[13]: «Есть два царства и два царя — Христос и Диавол. Первому угоден наш мир, второй же избегает его. У одного столица зовется Иерусалим, у другого — Вавилон». Однако в конечном счете Августин отказался от этого названия, объяснив это тем, что следует дать книге имя лишь лучшего из городов, ибо только ему предстоит сделаться столицею мира. Первые три тома появились в 413 году. Четвертый и пятый — в 415-м. Шестой — в 417-м. Так я одним махом совершил путешествие по обоим царствам Августина. Время до рождения и время после рождения — вот каковы были двери, ведущие туда.

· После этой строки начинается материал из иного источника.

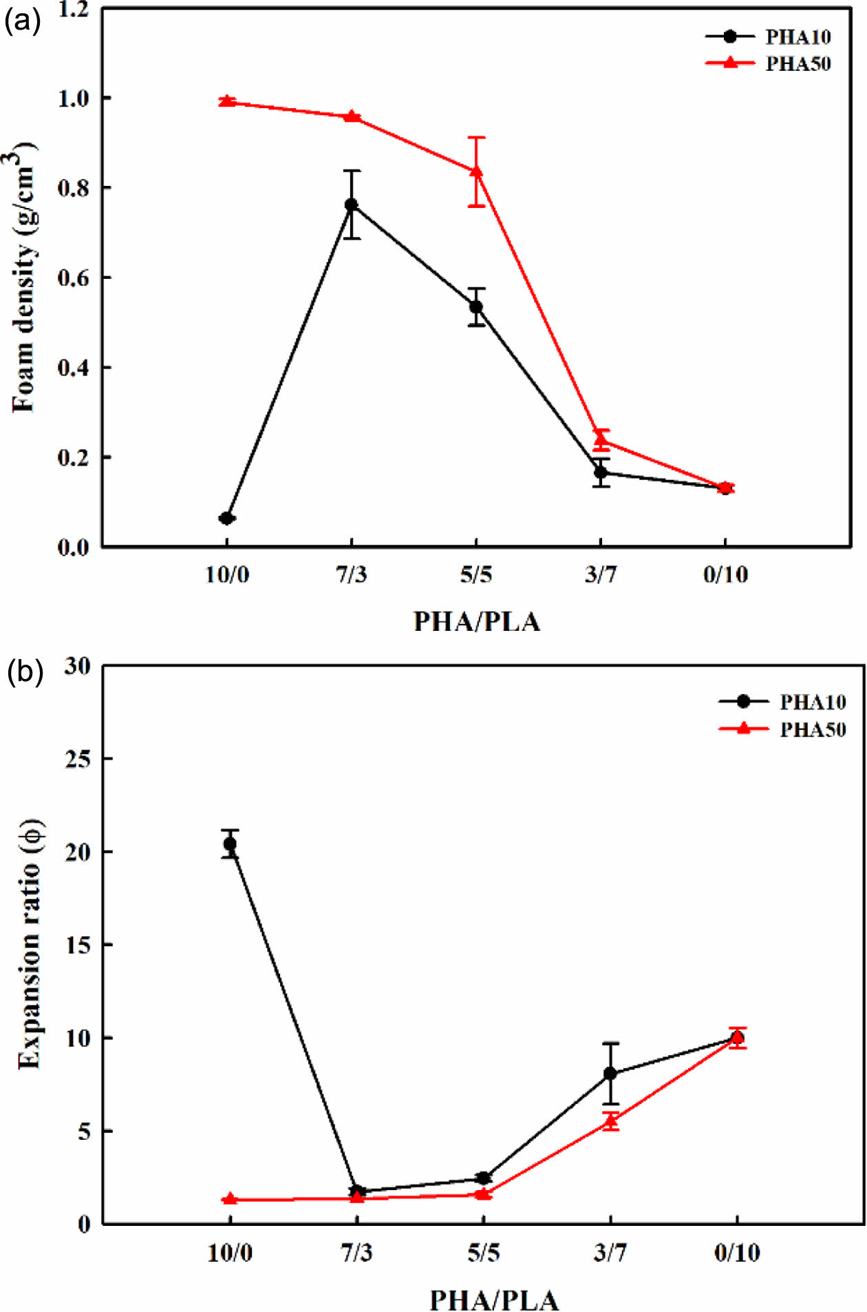Foam characteristics of PHA/PLA blend foams (foaming conditions: 130 ℃/90 bar): (a) foam density; (b) expansion ratio.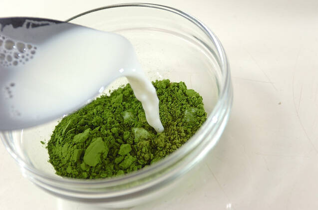 鍋に牛乳、グラニュー糖を入れてグラニュー糖を煮溶かす。抹茶に温めた牛乳を少量加えてダマができないように混ぜ合わせ、鍋の牛乳に戻し混ぜ合わせる。(ヒント)混ぜにくい場合は、ハンドミキサーやミキサーにかけてもOKです。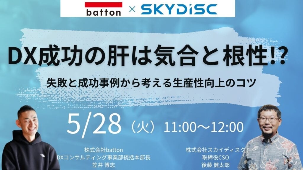 また2024年5月28日(火)11:00より、株式会社スカイディスク様との共催ウェビナー「DX成功の肝は気合と根性!?失敗と成功事例から考える生産性向上のコツ」を、それぞれ開催します。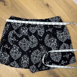 These high waist shorts showcase a striking black and white pattern, perfect for adding a touch of elegance to your summer wardrobe. Crafted from lightweight fabric, they offer both style and comfort for casual outings. The symmetrical design enhances their sophisticated appeal. Tons of stretch!

Единственный в своем роде эксперимент, чья метаморфоза особенно явственно выделялась на фоне смерти. Смерти, которой я упрямо отказывал в праве на место в онтологическом мире. Я не хотел признавать существования трех царств. Только два царства — подобно тем двум городам начала Средневековья — могли блуждать в пространстве, где одно из них должно было стать концом другого, обратив землю в фантом мира. Ибо, согласно Августину, Божий Град блуждает в сущем. А сущее двояко: век и вечность, прошлое и былое, плод и древесный сок. И так же, как я не находил сущего в смерти, так не пытался искать Бога — во всем, что меня касалось, — в нашем реальном мире. Просто искал на поверхности земли воспоминание о Той, что отвечала мне взглядом на взгляд. О Той, чьи трепещущие ресницы заставляли меня таять от блаженства. О Той, чья Тень улетела в неведомые дали, оставив после себя лишь тень этой Тени. Ибо тень, бесконечно далекая от всякого тела, возникнув задолго до него, осеняет своим крылом жизнь каждого человека. Ибо, что бы ни утверждал Павел, не смерть набрасывает на все сущее темный покров этой тени. Ее непрестанно рождает Утрата, омрачающая наши жизни в свете первого дня. Эту тень, что осеняет собою время от начала времен, зовут Меланхолией. Благодаря ей все обретает несказанную красоту.
Nudus exii de utero matris. Нагим вышел я из материнского чрева. Нагим и вернусь в землю. Ибо мы ничего не принесли в этот мир, а потому ничего не унесем с собою за черные врата смерти.
Exii. Я вышел. Иначе: ушел в изгнание.
Красная гемма, едва попав под солнечные лучи, мгновенно темнеет.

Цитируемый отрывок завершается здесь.